There is a growing number of people in the SQL Server community that are contributing excellent guidance and driving forward its maturity, as well as BimlScript.com which has an ever growing set of examples to learn from. I firmly believe that the future of Biml is bright, if you don’t believe me check out this interview with the creator Scott Currie.
What I would like to see more of, is people talking about implementing design patterns in Biml, let’s have less examples and more theory.
An area that there is still little guidance on is convention based Biml.
Talk to any experienced software developer and they will tell you all about “Convention over Configuration” and how it makes their life easier, but if you’re a BI developer this might be brand new concept to you.
Wikipedia has a great description:
Convention over configuration is a software design paradigm which seeks to decrease the number of decisions that developers need to make, gaining simplicity, but not necessarily losing flexibility.
The phrase essentially means a developer only needs to specify unconventional aspects of the application.
In my mind there are a few different types of conventions:
- Those that require strict adhered
- Those that can be overridden
- On/Off by default
In this post I’m going to give two examples of the first type, those I class as “strict adherence required” from a recent ETL project I was working on. I’ll cover the other types in subsequent posts.
NB: I’m deliberately not including any Biml or screenshots of SSIS packages in this post. The reason for this is that there are numerous ways to implement design patterns, so rather than showing you how I do it, I want to introduce the concepts and get you thinking about it.
Use a convention to Extract data
What I want to achieve: I want to move data from a source system into my target database, but only a subset of tables in the source system.
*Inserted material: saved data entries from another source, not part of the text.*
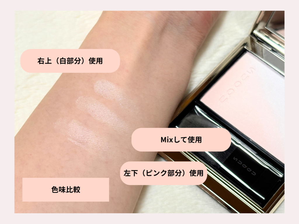 個人的にはピンクと白を軽く混ぜて使う方法がいちばんしっくりきました。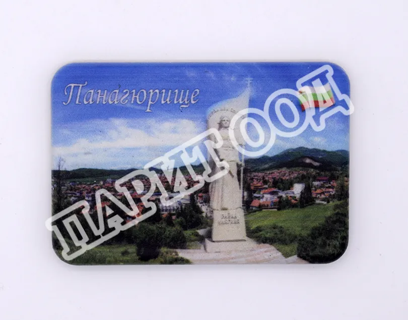 Сувенирна магнитна плочка със снимка от Панагюрище. Предлага се опакована в щендерен целофан.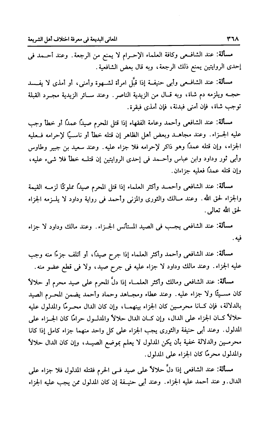 مَسْأَلَةٌ: عِنْدَ الشَّافِعِيِّ إذا دلَّ حلالاً على صيد في الحرم فقتله المدلول فلا جزاء على الدال. وعند أَحْمَد عليه الجزاء. وعند أَبِي حَنِيفَةَ إن كان المدلول ممن يجب عليه الجزاء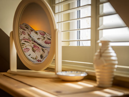 Fountain Cross Cottage has one lovely bedroom, accessed via a steep staircase, with one double bed. It is not set up to accommodate additional guests including children. Due to the location of the bathroom and the steep gradient of the staircase, the cottage is not suited to those with mobility limitations.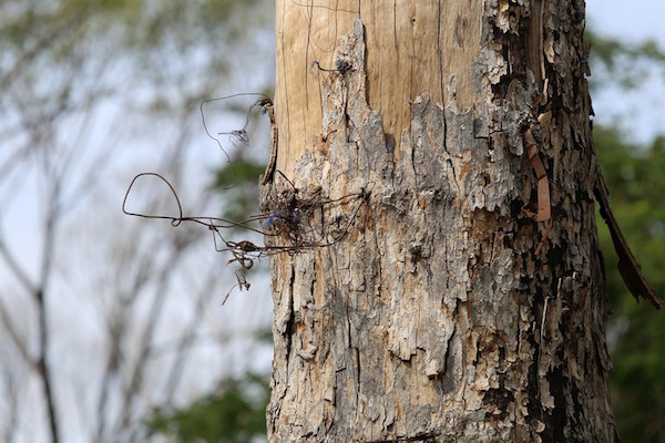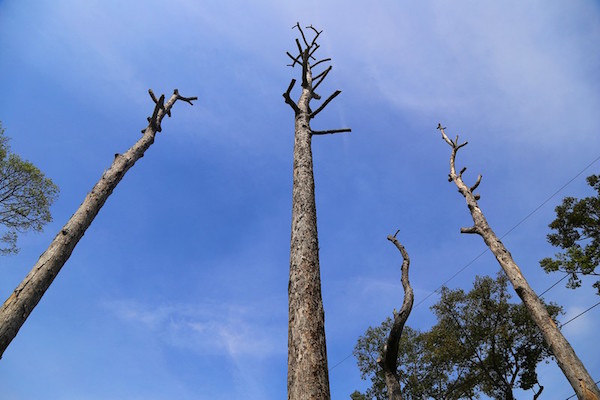 Những cây cổ thụ rợp bóng mát lúc trước giờ chỉ còn lại cái xác khô.

My convention: For each table in the Import schema of my Target database, there is a table with the same name and structure in the source system. Then, for each table in the Import schema generate Data Flow task which will read from the source table and copy the data into the target table.
The advantage: When I need to start importing more data from the source system all I need to do is create a new table in my import schema that matches the source and then regenerate the extract package. No configuration is needed, I don’t need to maintain a list of tables which needed to be imported, the presence of the table in the Import schema is enough. Simple.
Use convention to Transform data
The ETL project that I working on already had a number of queries written which would transform the source system data to match our table structure. We had a number of tables in the Stage schema which the transformed data needed to go before being loaded into the live tables.
What I want to achieve: Transform data from the Import schema tables and load into tables in the Stage schema
My convention: For each table in the Stage schema, there is a corresponding stored procedure with a name like: [Stage table name]_Transform
The advantage: Once again, when I need to start transforming more data, only two things need be done, create new table in Stage schema, create transform stored procedure. Then I just regenerate my SSIS package, no changes required.
What’s the point?
Hopefully you’ve figured it out, but the point of “convention over configuration”, or “coding to a convention” is to remove the number of decisions that you need to make during the development effort. This allows you to spend more time on the hard stuff and let the computer take care of the rest.